Z_score <- (118.2 - 100) / (6.5 / sqrt(36)) 
Z_score

## [1] 16.8

p_value <- 2 * (pnorm(Z_score, 0, 1, lower.tail = FALSE))
p_value

## [1] 2.44044e-63

lowerTail = 118.2 -   1.645 * (6.5 / sqrt(36))
upperTail = 118.2 +   1.645 * (6.5 / sqrt(36))
lowerTail

## [1] 116.4179

upperTail

## [1] 119.9821

The 90% Confidence interval is from 116.42 to 119.98

Do your results from the hypothesis test and the confidence interval agree? Explain.

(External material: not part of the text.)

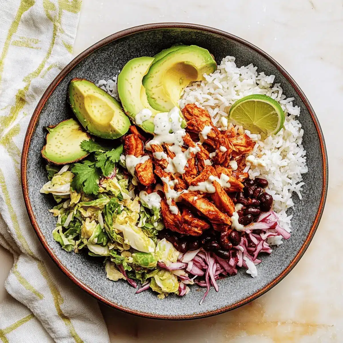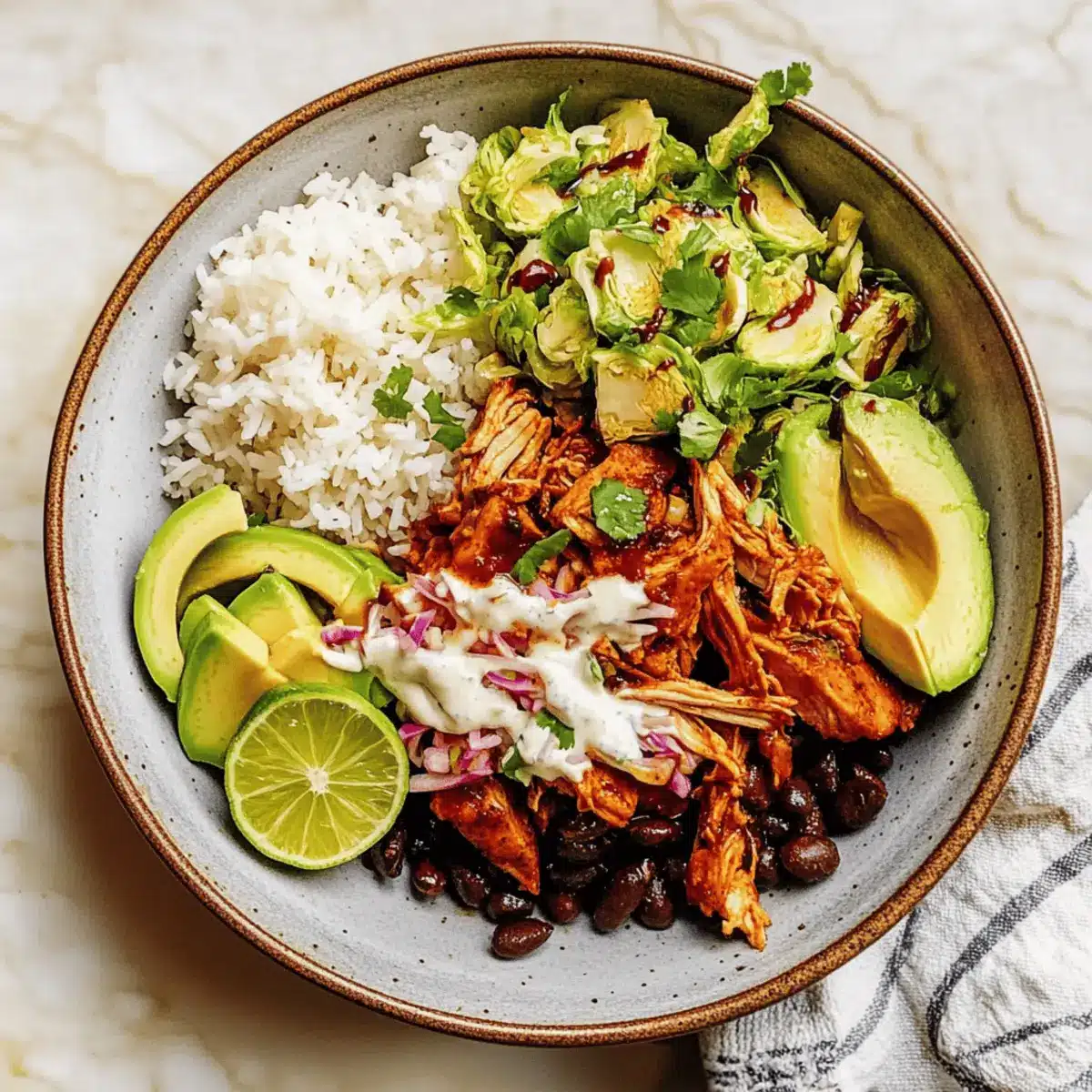 To assemble the Sweet and Spicy Chicken Bowl, spoon cooked white rice into serving bowls. Top each bowl with generous portions of the shredded chicken and a heaping scoop of the zesty Brussels sprout slaw. Garnish with fresh radishes, sliced avocado, and lime wedges for an extra burst of flavor.

Yes, agree and both support the rejecting of null hypothesis.

4.34 Central Limit Theorem

Define the term “sampling distribution” of the mean, and describe how the shape, center, and spread of the sampling distribution of the mean change as sample size increases.

The sampling distribution is the probability distribution of the sample from the population.

As sample sizes increase, the sampling distributions approach a normal distribution. As sample sizes increase, the variability of each sampling distribution decreases.

4.40 CFLBs.

1. What is the probability that a randomly chosen light bulb lasts more than 10,500 hours?

 1 - pnorm(10500,mean=9000,sd=1000)

## [1] 0.0668072

2. Describe the distribution of the mean lifespan of 15 light bulbs.

Due to the population has normal distribution, the sample also would approximates normal distribution.

3. What is the probability that the mean lifespan of 15 randomly chosen light bulbs is more than 10,500 hours?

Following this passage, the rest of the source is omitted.